In this case I'll take this text, select it by pressing Ctrl+A and change the point size. Here even at 72 it's pretty small, so I'll zoom in and make sure I grab it and make it bigger. We could enter in a custom point size if we want. But it's a working drawing so I'm not going to be too picky. It's a good idea to go through and kind eyeball out the dimensions, maybe even measure a chair you have got. Figuring out the right size, because a little bit off in one way or another is going to look odd. And what we want to avoid is things that are obvious in our daily lives looking just a little bit off, because then we lose track of what's going on, and we say, wait, this doesn't look right. What was I doing in this game? And the immersion of the game is lost. Here's what I'll plan in the modeling of it.
I have got two symmetric legs in front and two in back, so reasonably if I modeled one back leg and one front leg I can clone them over. I have got general purpose blocks under here for the stretchers and the skirt. These are really just boxes that need to snug into the legs, but this shadow line right there is important. I'll use a different color and mark out some key shadow lines. I'll make myself a new layer and draw on that, pressing B for Brush and downsizing the brush a bit. What I'll do a lot of times for chair because the mesh lines are pretty straightforward is make sure I mark out on here key shadow lines, right here where the leg overlaps and goes in front of that skirt, that's a key element.

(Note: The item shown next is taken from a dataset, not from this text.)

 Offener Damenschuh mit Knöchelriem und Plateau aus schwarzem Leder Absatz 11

Another key piece might be right here, and really it's not an exact mesh drawing as we have done previously as much as a thorough accounting or acknowledgment of the key parts of the design. This chair is crafted, even though maybe just a cheap chair. There is an element of craft and design to every piece, and we need to have that come across in our model. Even if the poly count is low, the leg still tapers and these actually do flare out. This curve is important, and this curve at the back as important as well.

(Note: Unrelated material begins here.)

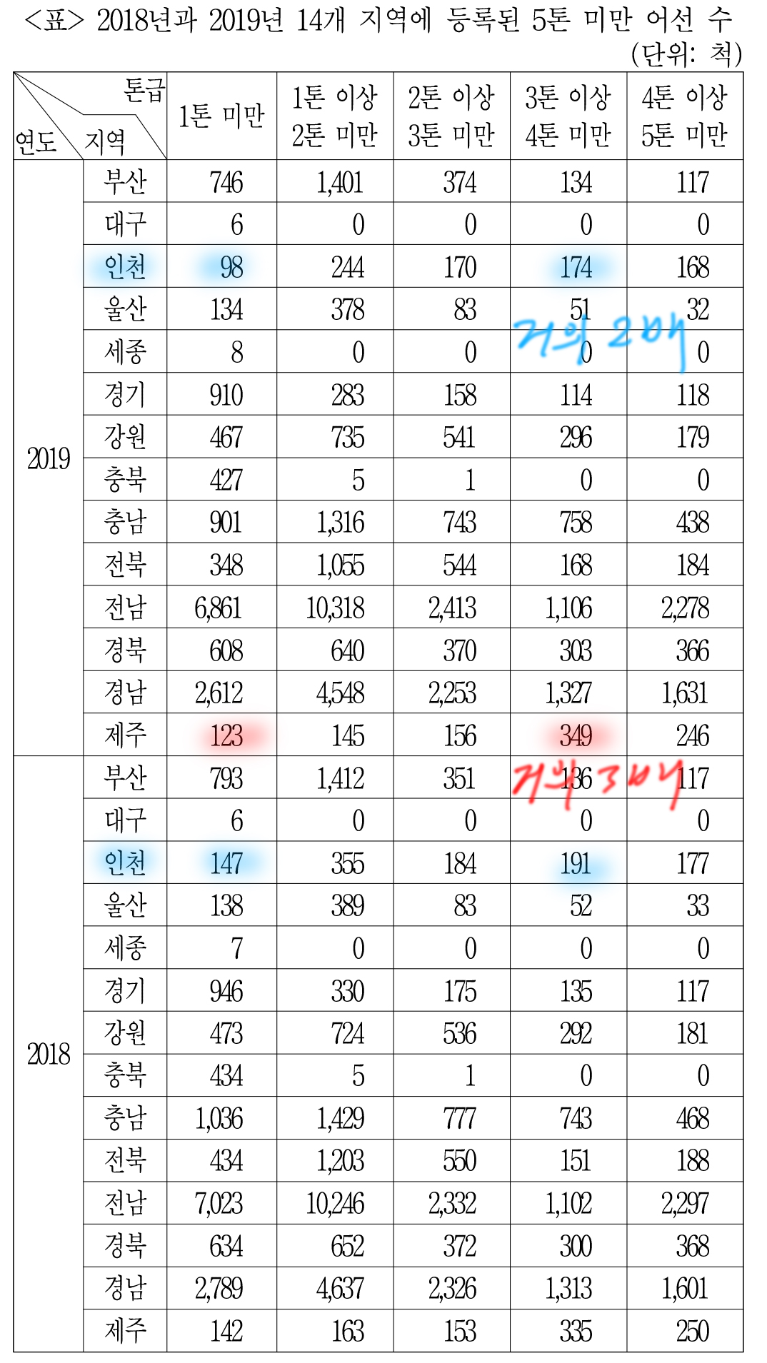 대구 빼고 다 전년도 대비 '1톤 미만' 어선 수가 다 줄어들었느냐인데,

What I'm going to do is put a line across here and also a couple down here, and this lets me know that that is curved right there. It's a big deal to get it right and to get the overall silhouette looking like what we should have. If this was too vertical or straight up and down it would look uncomfy, and it would have looked odd, unnaturally un-chair like, and that's what we want to avoid. So when you're modeling, look things over and plan it out a little bit, look at the key details in the model that you know need to come across and look at the subtle curves so you can plan and for your polys there later.